What is expected:
Write out the listing below exactly, and omit any images you find in it.

Exercise data:
######

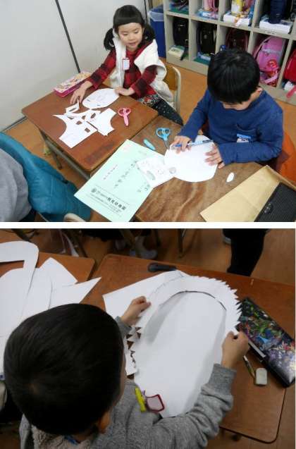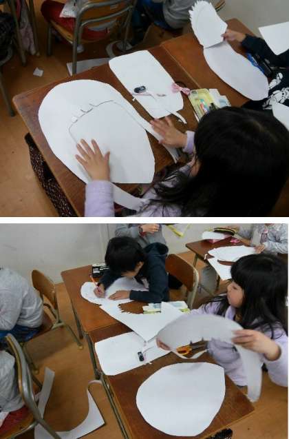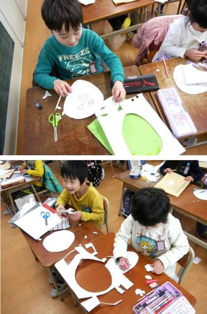 1年生が画用紙を切ってはりあわせて紙はんがを作っています。自分の顔を作っています。髪の毛や目、眉毛、鼻、くちびるなどを切り取って張り合わせていきます。どんな顔になるかな。
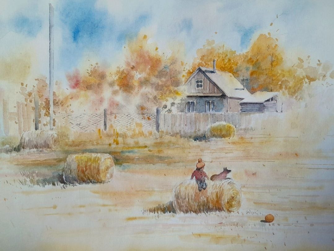 #поэтическоеутро ПАДАЮТ ЛИСТЬЯ... Падают листья, тихонько кружась, Падают листья, за воздух держась. Падают медленно без остановки И без указанной небом парковки. Без суеты и совсем не игриво. Скромно, сентябрьски и неторопливо... Галина Свириденко Акварель Айару Ивановой. Отчий дом (найдено на dzen.ru) #литературагорногоалтая #живописьгорногоалтая
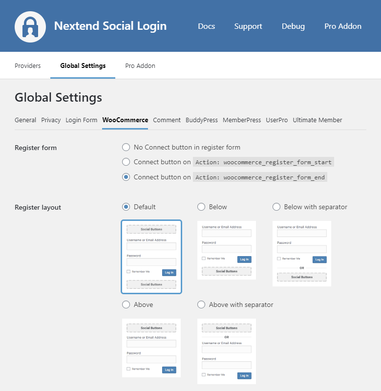 • Connect button after register form: The social connect buttons show up after the register form using the woocommerce_register_form_end action.
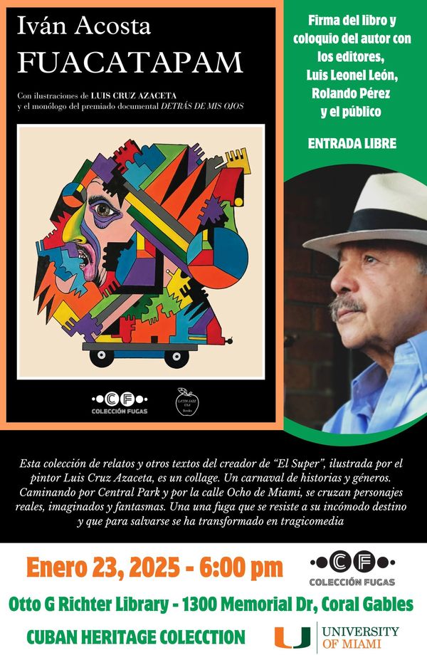 El destacado dramaturgo, escritor y cineasta Iván Acosta, autor de la famosa obra El Super, ha lanzado su nuevo libro, Fuacatapam, editado por Colección Fugas e ilustrado por reconocido pintor cubanoamericano Luis Cruz Azaceta. El jueves 23 de enero, a las 6:00 pm, Acosta conversará con sus lectores y firmará el libro en una presentación especial, abierta al público, en la Colección Cubana (Cuban Heritage Collection) de la Universidad de Miami.

######

The completed task:
 1年生が画用紙を切ってはりあわせて紙はんがを作っています。自分の顔を作っています。髪の毛や目、眉毛、鼻、くちびるなどを切り取って張り合わせていきます。どんな顔になるかな。
 #поэтическоеутро ПАДАЮТ ЛИСТЬЯ... Падают листья, тихонько кружась, Падают листья, за воздух держась. Падают медленно без остановки И без указанной небом парковки. Без суеты и совсем не игриво. Скромно, сентябрьски и неторопливо... Галина Свириденко Акварель Айару Ивановой. Отчий дом (найдено на dzen.ru) #литературагорногоалтая #живописьгорногоалтая
 • Connect button after register form: The social connect buttons show up after the register form using the woocommerce_register_form_end action.
 El destacado dramaturgo, escritor y cineasta Iván Acosta, autor de la famosa obra El Super, ha lanzado su nuevo libro, Fuacatapam, editado por Colección Fugas e ilustrado por reconocido pintor cubanoamericano Luis Cruz Azaceta. El jueves 23 de enero, a las 6:00 pm, Acosta conversará con sus lectores y firmará el libro en una presentación especial, abierta al público, en la Colección Cubana (Cuban Heritage Collection) de la Universidad de Miami.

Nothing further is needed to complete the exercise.